Some of the features from the first release have been enhanced; the biggest of these is the overall experience in a browser. Performance for the administrative console (see Figure 1) is much better in Wave 2, although there are more reloads needed. But because the release is beta, that's to be expected. The Silverlight capabilities are improved (the right-click context menu works), and the app seems to play with non-Microsoft browsers better than 1.0 did.
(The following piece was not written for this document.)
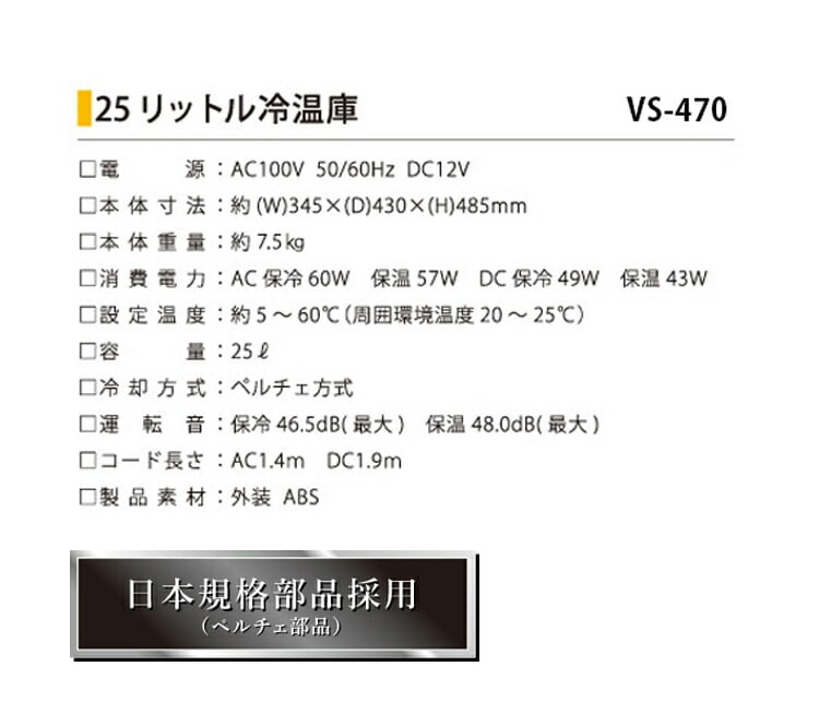 VERSOS ポータブル 冷温庫 HOT&COOL 25L VS-470

[Click on image for larger view.]
Figure 1. The Windows Intune System Overview window.

For the most part, of the features I've gotten into, the biggest area of improvement is overall performance.

Software Deployment
One of the biggest additions to Windows Intune is storage. Microsoft is providing 2GB of storage for application deployment to enrolled systems, and additional storage will be available to purchase from the application. I suppose the second-coolest feature is managing and deploying applications right from the cloud.

Clients on corporate networks receive deployed software all the time; it frees up administrators and IT staff to work on other issues, and also aids in license management and application control. Microsoft is taking this to the cloud with Wave 2. Users will be able to upload software to the service and specify clients that the application should be deployed on. When the client checks in next, the application installation will begin.

This is huge. Now, what could previously only be accomplished with remote sessions or Active Directory when a computer arrived in the office can be done over the Internet with requirements similar to those of AD software deployments.

My beta account has a few machines enrolled, including my own work PC, which will be the guinea pig before I release much to other systems.

Deployment Desires
Integration with my on-premises AD and existing Group Policy is something I hope is considered for future versions. I know that Windows Intune and AD are different animals, but being able to import the Windows Intune clients as an organizational unit within AD and see -- and add or edit -- policies just like I might for other sections of AD would be amazing.

Being able to push my Group Policy Objects and other items up to the Windows Intune service as a backup might be something worthwhile. I know I can back these items up using third-party tools (or native tools in Windows 2008), but having an automatic failsafe in the cloud would be nice.

Licensing Agreements
Another great feature of Wave 2 is the ability to manage license agreements for both Microsoft and other vendors. For Microsoft agreements, the service will poll other aspects of licensing and retrieve the information for your licenses based on the agreement number and authorization number you provide. Once this happens, the number of licenses will appear within Windows Intune (see Figure 2).

[Click on image for larger view.]
Figure 2. Windows Intune Licenses Overview screen.

License information can be provided by entering the license number and authorization information of each agreement into the Windows Intune interface separately, or it can be uploaded via a CSV file for bulk importing (see Figure 3). Once agreements are added, they can be grouped together for easier visibility.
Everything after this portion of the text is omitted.